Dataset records
########################################

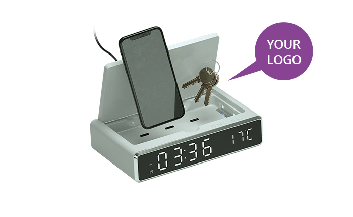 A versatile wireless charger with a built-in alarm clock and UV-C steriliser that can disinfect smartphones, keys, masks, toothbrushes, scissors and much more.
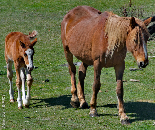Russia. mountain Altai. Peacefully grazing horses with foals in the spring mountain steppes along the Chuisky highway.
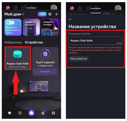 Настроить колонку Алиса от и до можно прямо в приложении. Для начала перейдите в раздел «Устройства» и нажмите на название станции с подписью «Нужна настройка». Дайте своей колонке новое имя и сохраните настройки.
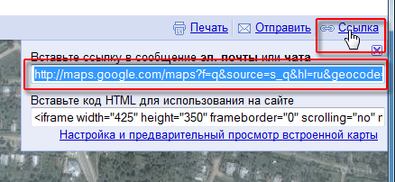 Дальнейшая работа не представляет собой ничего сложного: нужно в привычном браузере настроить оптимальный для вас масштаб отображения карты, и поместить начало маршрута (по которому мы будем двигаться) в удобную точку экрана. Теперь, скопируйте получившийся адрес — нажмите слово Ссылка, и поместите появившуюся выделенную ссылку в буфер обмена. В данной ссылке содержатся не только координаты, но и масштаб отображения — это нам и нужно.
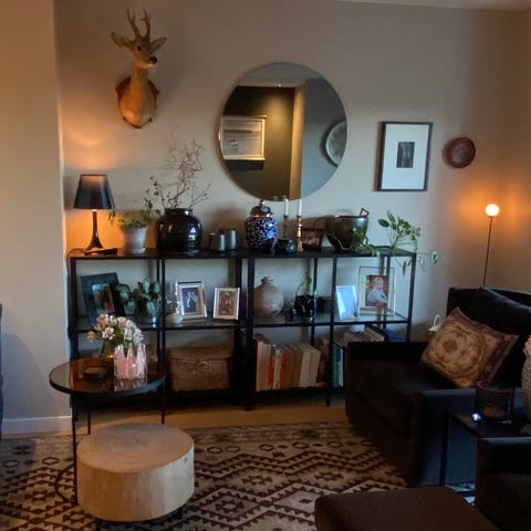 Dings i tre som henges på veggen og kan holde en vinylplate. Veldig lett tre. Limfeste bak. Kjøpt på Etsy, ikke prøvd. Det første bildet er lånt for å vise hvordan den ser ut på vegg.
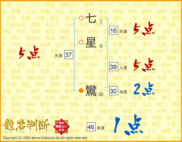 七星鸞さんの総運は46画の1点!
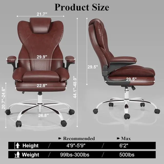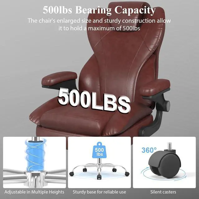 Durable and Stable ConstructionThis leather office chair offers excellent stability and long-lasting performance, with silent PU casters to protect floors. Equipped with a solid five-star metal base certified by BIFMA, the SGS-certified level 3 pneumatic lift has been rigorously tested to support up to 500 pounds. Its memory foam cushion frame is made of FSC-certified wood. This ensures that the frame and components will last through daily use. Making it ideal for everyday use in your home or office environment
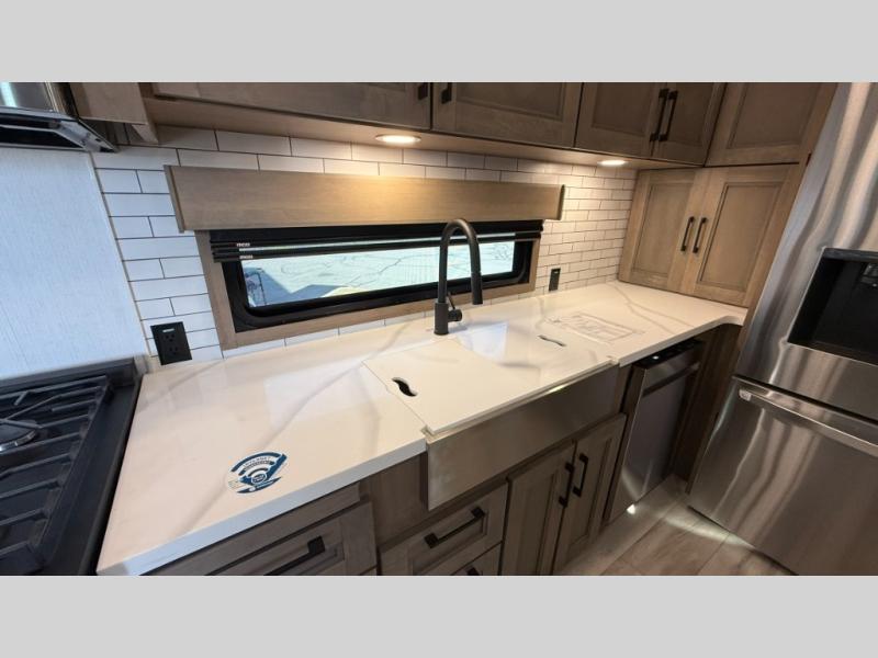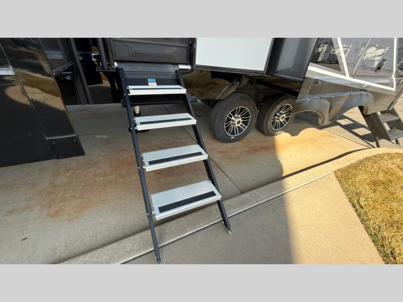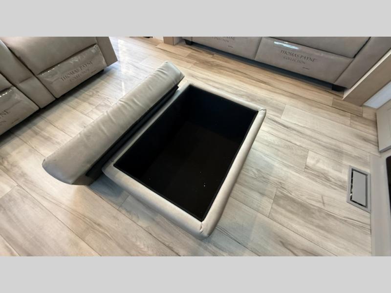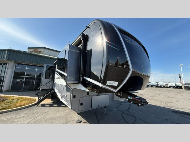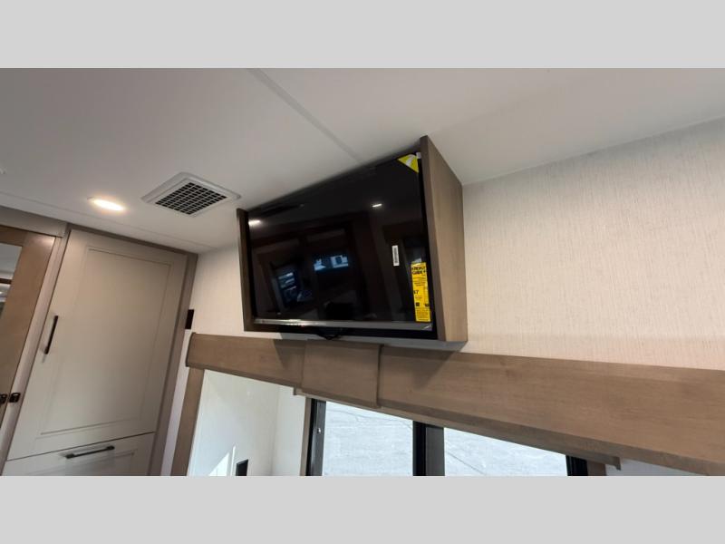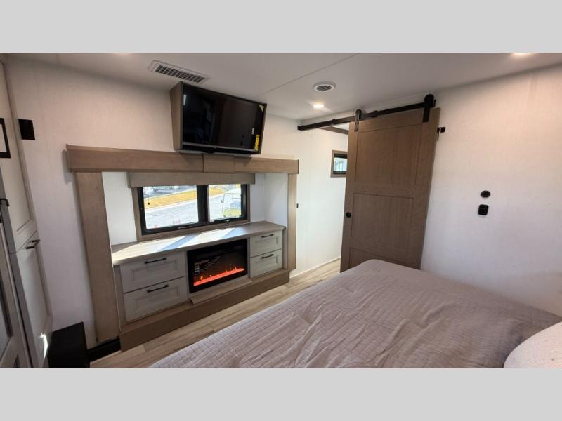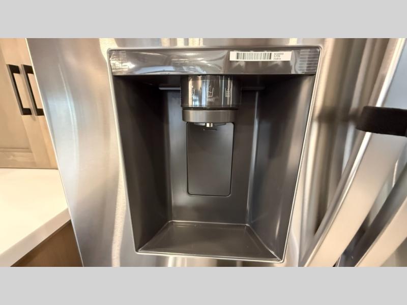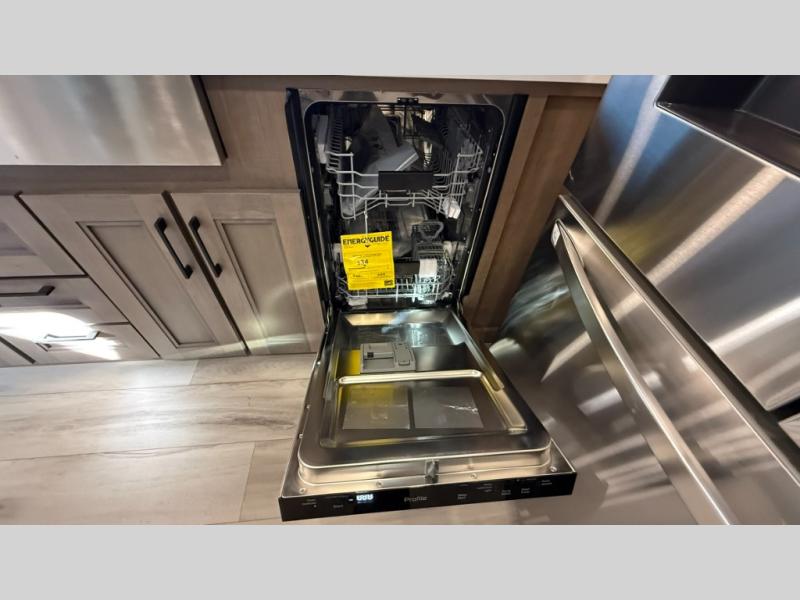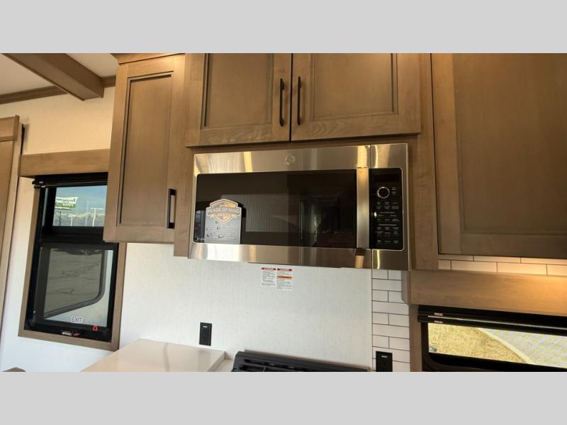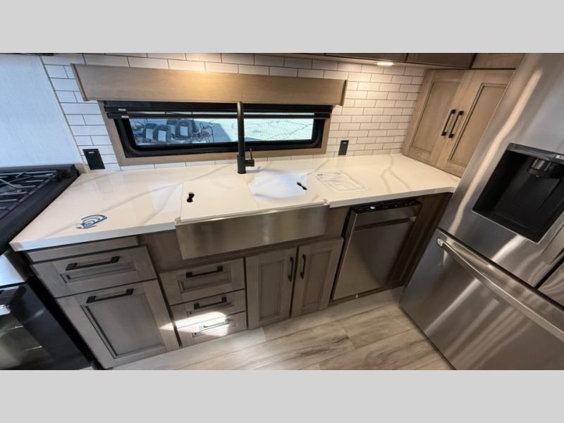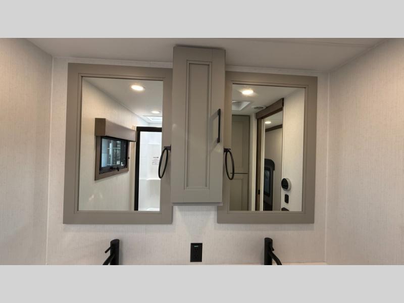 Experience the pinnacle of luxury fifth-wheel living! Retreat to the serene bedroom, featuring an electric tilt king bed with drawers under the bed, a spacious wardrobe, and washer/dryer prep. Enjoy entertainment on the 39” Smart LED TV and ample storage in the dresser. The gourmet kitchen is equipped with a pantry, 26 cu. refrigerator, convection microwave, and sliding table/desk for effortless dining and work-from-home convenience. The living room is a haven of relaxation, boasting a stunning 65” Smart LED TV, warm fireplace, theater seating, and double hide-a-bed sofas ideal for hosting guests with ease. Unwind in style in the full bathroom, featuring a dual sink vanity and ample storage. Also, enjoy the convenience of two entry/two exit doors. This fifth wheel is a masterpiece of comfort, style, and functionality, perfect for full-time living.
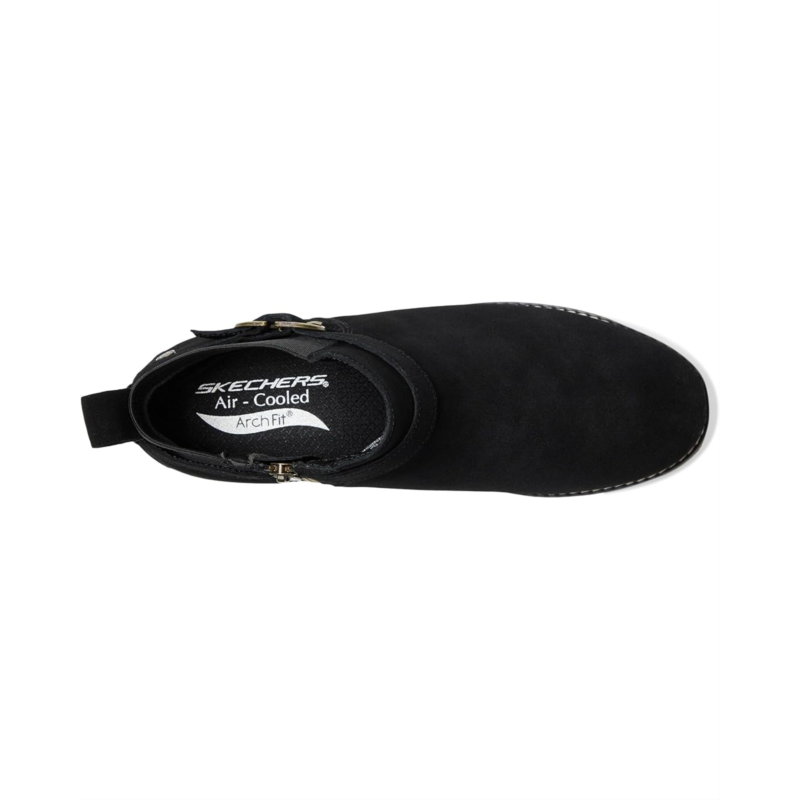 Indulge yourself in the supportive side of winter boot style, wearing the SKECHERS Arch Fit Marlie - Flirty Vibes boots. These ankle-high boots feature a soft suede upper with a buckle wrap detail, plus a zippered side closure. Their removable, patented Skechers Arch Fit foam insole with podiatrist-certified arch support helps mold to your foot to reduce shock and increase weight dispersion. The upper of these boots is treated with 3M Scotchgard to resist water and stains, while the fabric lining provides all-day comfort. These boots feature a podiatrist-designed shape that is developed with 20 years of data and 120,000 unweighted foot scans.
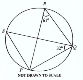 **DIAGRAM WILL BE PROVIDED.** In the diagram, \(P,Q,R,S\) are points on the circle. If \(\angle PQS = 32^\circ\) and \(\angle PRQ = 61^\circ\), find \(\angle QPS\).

########################################

PROBLEM STATEMENT | Give the entries again, exactly and in full, with no image included.

REPLY |
 A versatile wireless charger with a built-in alarm clock and UV-C steriliser that can disinfect smartphones, keys, masks, toothbrushes, scissors and much more.
Russia. mountain Altai. Peacefully grazing horses with foals in the spring mountain steppes along the Chuisky highway.
 Настроить колонку Алиса от и до можно прямо в приложении. Для начала перейдите в раздел «Устройства» и нажмите на название станции с подписью «Нужна настройка». Дайте своей колонке новое имя и сохраните настройки.
 Дальнейшая работа не представляет собой ничего сложного: нужно в привычном браузере настроить оптимальный для вас масштаб отображения карты, и поместить начало маршрута (по которому мы будем двигаться) в удобную точку экрана. Теперь, скопируйте получившийся адрес — нажмите слово Ссылка, и поместите появившуюся выделенную ссылку в буфер обмена. В данной ссылке содержатся не только координаты, но и масштаб отображения — это нам и нужно.
 Dings i tre som henges på veggen og kan holde en vinylplate. Veldig lett tre. Limfeste bak. Kjøpt på Etsy, ikke prøvd. Det første bildet er lånt for å vise hvordan den ser ut på vegg.
 七星鸞さんの総運は46画の1点!
 Durable and Stable ConstructionThis leather office chair offers excellent stability and long-lasting performance, with silent PU casters to protect floors. Equipped with a solid five-star metal base certified by BIFMA, the SGS-certified level 3 pneumatic lift has been rigorously tested to support up to 500 pounds. Its memory foam cushion frame is made of FSC-certified wood. This ensures that the frame and components will last through daily use. Making it ideal for everyday use in your home or office environment
 Experience the pinnacle of luxury fifth-wheel living! Retreat to the serene bedroom, featuring an electric tilt king bed with drawers under the bed, a spacious wardrobe, and washer/dryer prep. Enjoy entertainment on the 39” Smart LED TV and ample storage in the dresser. The gourmet kitchen is equipped with a pantry, 26 cu. refrigerator, convection microwave, and sliding table/desk for effortless dining and work-from-home convenience. The living room is a haven of relaxation, boasting a stunning 65” Smart LED TV, warm fireplace, theater seating, and double hide-a-bed sofas ideal for hosting guests with ease. Unwind in style in the full bathroom, featuring a dual sink vanity and ample storage. Also, enjoy the convenience of two entry/two exit doors. This fifth wheel is a masterpiece of comfort, style, and functionality, perfect for full-time living.
 Indulge yourself in the supportive side of winter boot style, wearing the SKECHERS Arch Fit Marlie - Flirty Vibes boots. These ankle-high boots feature a soft suede upper with a buckle wrap detail, plus a zippered side closure. Their removable, patented Skechers Arch Fit foam insole with podiatrist-certified arch support helps mold to your foot to reduce shock and increase weight dispersion. The upper of these boots is treated with 3M Scotchgard to resist water and stains, while the fabric lining provides all-day comfort. These boots feature a podiatrist-designed shape that is developed with 20 years of data and 120,000 unweighted foot scans.
 **DIAGRAM WILL BE PROVIDED.** In the diagram, \(P,Q,R,S\) are points on the circle. If \(\angle PQS = 32^\circ\) and \(\angle PRQ = 61^\circ\), find \(\angle QPS\).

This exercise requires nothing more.